Unpacking these kinds of stories and connections can already change people’s mindset.

Your book offers a rather critical take on what one might call the dominant memory culture in Germany. You plead for pluralism and inclusiveness and argue that Germans should learn not to place themselves into the center of their own narratives, but rather to observe their own perspectives on history also with the eyes of others living in different parts of the world. In an autobiographical passage, you state that you personally consider the Shoah unique and underline that its utter horror and our inability to come to terms with it have shaped you profoundly. You also state that you have come to realize how this strong conviction concerning the Shoah’s uniqueness is the result of personal experiences you have made – with experiences that have much to do with you having been born and raised in West Germany in the postwar period. Would you perhaps be willing to discuss this process in some detail, that is to say how you came to be personally impacted and shaped by the memory of the Shoah, what triggered your reflections on your own specific positionality, and what motivates you personally to argue so powerfully against attempts to create “hierarchies of victims”?

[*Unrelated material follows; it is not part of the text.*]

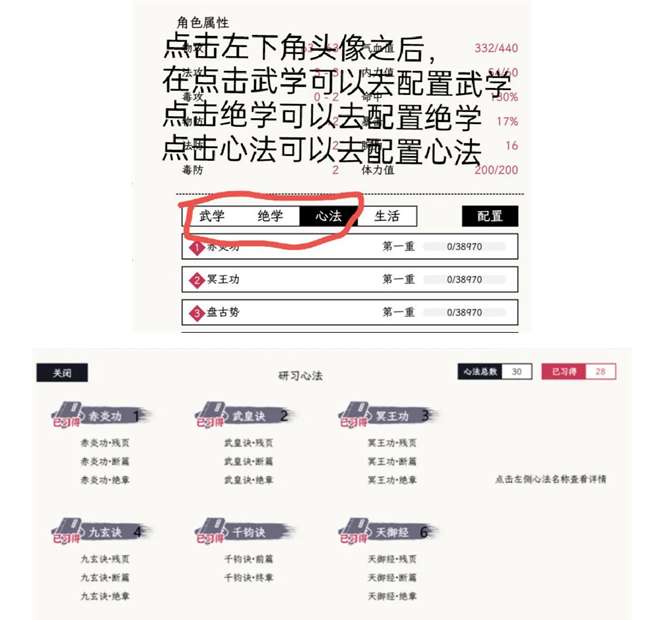 其中前四个和第六个心法都可以在藏经塔里面找到

Born just nine years after the liberation of Auschwitz, at some point I had to realize that I was living in uncomfortable closeness to the perpetrator generation. I grew up with the obdurate silence of my parents, including about my father’s NSDAP membership, and the gradual groping of the abyss beneath my Germanness.

I remember a situation involving my father when I was in my senior school years. I wanted to join a youth group and travel to the Soviet Union, and I had to get his permission for that. Upon hearing my request, my father replied: “There is nothing to see there, it is all flat.” To which I yelled back at him: “Yes, after you guys were there!” We never talked about this again.

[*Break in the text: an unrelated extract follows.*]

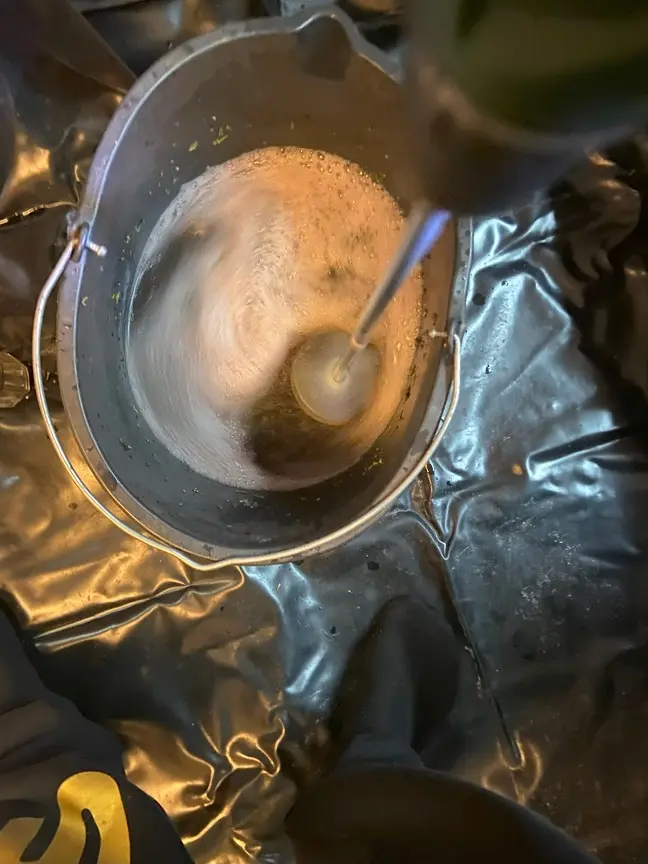 So wie oben beschrieben Material ins Wasser und gibt im 10 min- 20 min mit Akkuschrauber achte auf die Wasser Temperatur!

But I remember this as a crucial moment because I was not addressing him as an individual, I was addressing a whole generation, or the male part of that generation.

Not long before my father died, he confessed jokingly that he had been a member of the NSDAP and that he threw his membership card into the drain after Hitler’s defeat…

Everything that had to do with National Socialism became like a second skin to me. Nothing else achieved this closeness in the long run. This intensely felt Germanness of mine was later combined with decades of experience in the non-European world: as a foreign reporter in Muslim countries; through stays in societies in West and East Africa, which were marked by the colonial experience; through years of living in Southeast Asia, where the image of the WWII is marked by the experience of the Japanese occupation; and most importantly, through friendship and love with people who look on us from elsewhere.

All these experiences have motivated my search which led to me to write this book.

It has emerged out of an inner dialogue and two great personal concerns: may we, as Germans, as “new Germans” and as “old Germans,” keep the memory of National Socialism close to us with sensitivity and with care, and may we, as Europeans, overcome a white way of thinking about history and be aware of the effects of colonial violence. In other words, keep the responsibility for Nazi crimes, but based on a new understanding of the world oriented towards respect and participation.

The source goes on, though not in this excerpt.